Industry material aimed at lenders sets out why holders in other markets have signed on. The charge does not accelerate, meaning that on a missed payment only the past-due instalment ranks ahead of the mortgage, not the full balance. In the event of a default in the payment of an annual or semi-annual C-PACE assessment obligation, only the past due portion of the C-PACE financing is senior to a mortgage lender's claim. Program guidance also notes that senior lenders may escrow the assessment alongside taxes and insurance, and that foreclosure rights are preserved.
Uptake among lenders has grown in the United States. One Texas program administrator reports that more than 350 senior lenders have consented to C-PACE. Cumulative C-PACE originations in the U.S. reached about $13 billion in 2025, across 40 states with active programs, Mintz noted.
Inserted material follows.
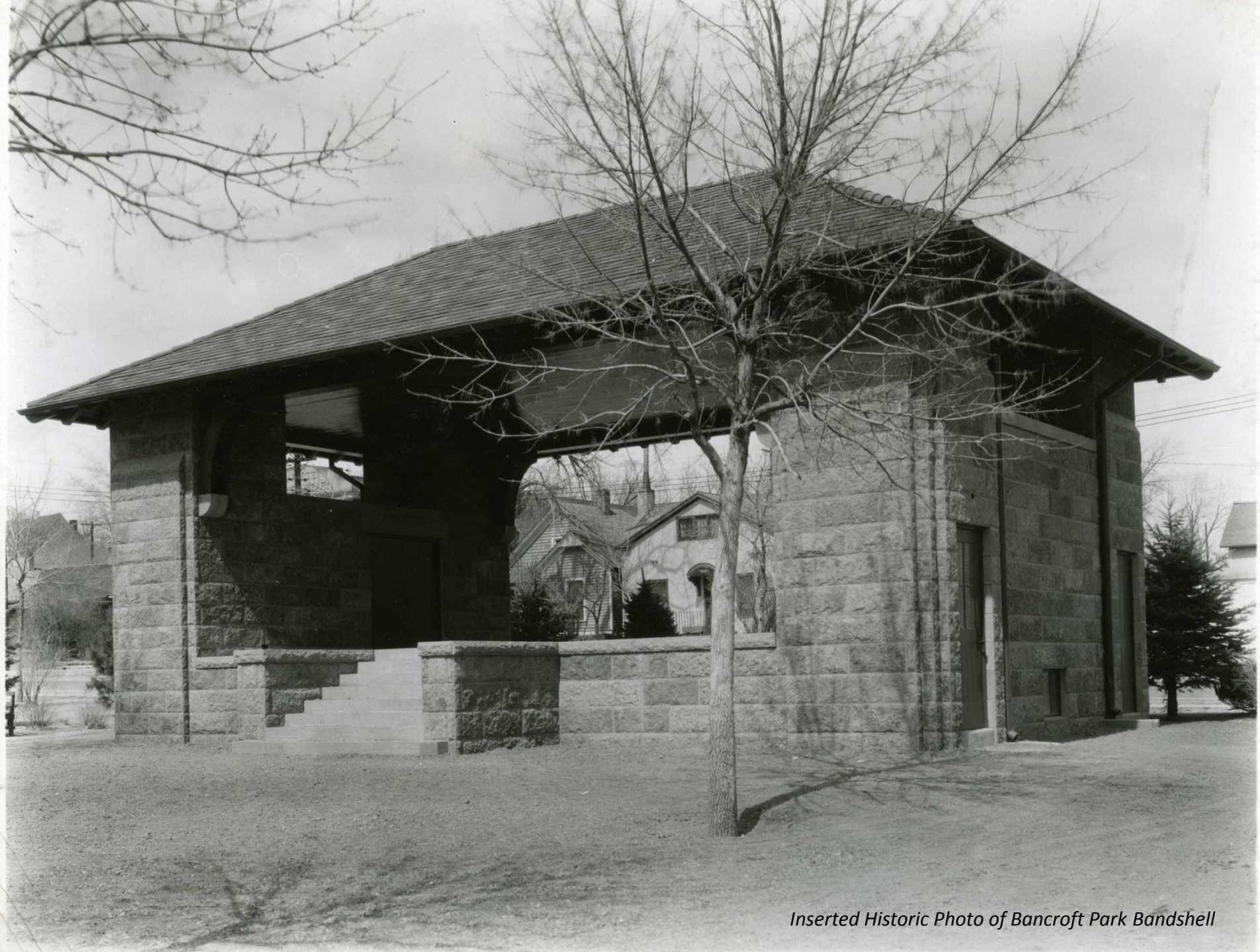
Inserted Historic Photo of Bancroft Park Bandshell

Legislation the missing step
The program cannot proceed without provincial action. Enabling PSIF would require B.C. to amend the Community Charter and Vancouver Charter to authorize the charge, according to the Pembina Institute, which has advocated for such legislation.
B.C. has examined the tool before. In fall 2020, the province committed $2 million to a PACE roadmap and pilot through its Economic Recovery Plan. In January 2021, the consultancy Dunsky was awarded the mandate to develop a PACE roadmap for the province's Ministry of Environment and Climate Change Strategy.
The proposed PSIF program would rely primarily on private capital, reducing pressure on government balance sheets. A centralized, non-profit administrator would oversee the program, while municipalities could opt in and retain responsibility for registering property liens.
The paper recommends broad eligibility for retrofit measures, prudent loan-to-value limits, standardized documentation, and strong consumer protections. It argues that concerns about municipal liability and loan defaults can be addressed through program design, noting that experiences in other jurisdictions have shown that municipalities are not financially responsible for defaulted commercial PACE loans.